Mishig Davaadorj

dmishig@gmail.com https://mishig25.github.io/

I’m a software & ML engineer. I received my bachelor’s degree in computer science from Colorado College in 2019. Since the summer of 2021, I’ve been part of a team building the Hugging Face Hub and contributing to Hugging Face’s open-source Machine Learning libraries.

Here are some of the highlights:

  • Built various aspects of Hugging Face Hub, making it the de facto platform for sharing models and datasets. Used typescript, svelte, tailwindcss, mongodb, express. The features I’ve worked on are:
  • diffusers#559: jax/flax implementation of Stable Diffusion 1.1.

  • tokenizers#890: improve serialization/deserialization of tokenizers through Rust macros that implement necessary serde traits.

  • huggingface/chat-ui: UI for chatting with LLMs (used svelte, tailwindcss, mongodb, typescript). Supports tool calling (image generation) & RAG (websearch, document extraction).

  • transformers#13828: image segmentation pipeline implementation for facebook/detr-resnet-50 & other models that can do image segmentation.

  • tokenizers#976: parallelize unigram tokenization trainer using rayon, a popular Rust parallelization crate.

  • lerobot#277: robotics dataset (videos & sensor signals) visualizer for easily testing & debugging real-life robitics.

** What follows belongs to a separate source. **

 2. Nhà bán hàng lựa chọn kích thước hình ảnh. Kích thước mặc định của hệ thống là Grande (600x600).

  • huggingface/doc-builder: python package that parses markdown files + jupyter notebooks + python docstrings (through inspect) and creates docs websites (using svelte), powering hf.co/docs.

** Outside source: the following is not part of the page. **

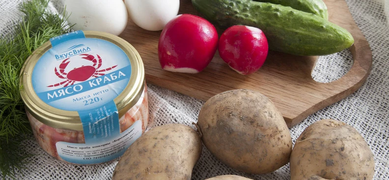 Откройте банку с крабовым мясом, удалите хитиновые пластинки, крупные фаланги разрежьте пополам, мелкие используйте целиком, смешайте с овощами.

  • huggingface/gguf.js: js GGUF parser that works on remotely hosted files. GGUF is a weights file format, created by Georgi Gerganov (the creator of llama.cpp).

  • diffuse-the-rest: a web app that uses Stable Diffusion (diffusers#559 backend) to turn sketches into higher-quality images. One of the first apps to go viral that used Stable Diffusion (Aug 2022).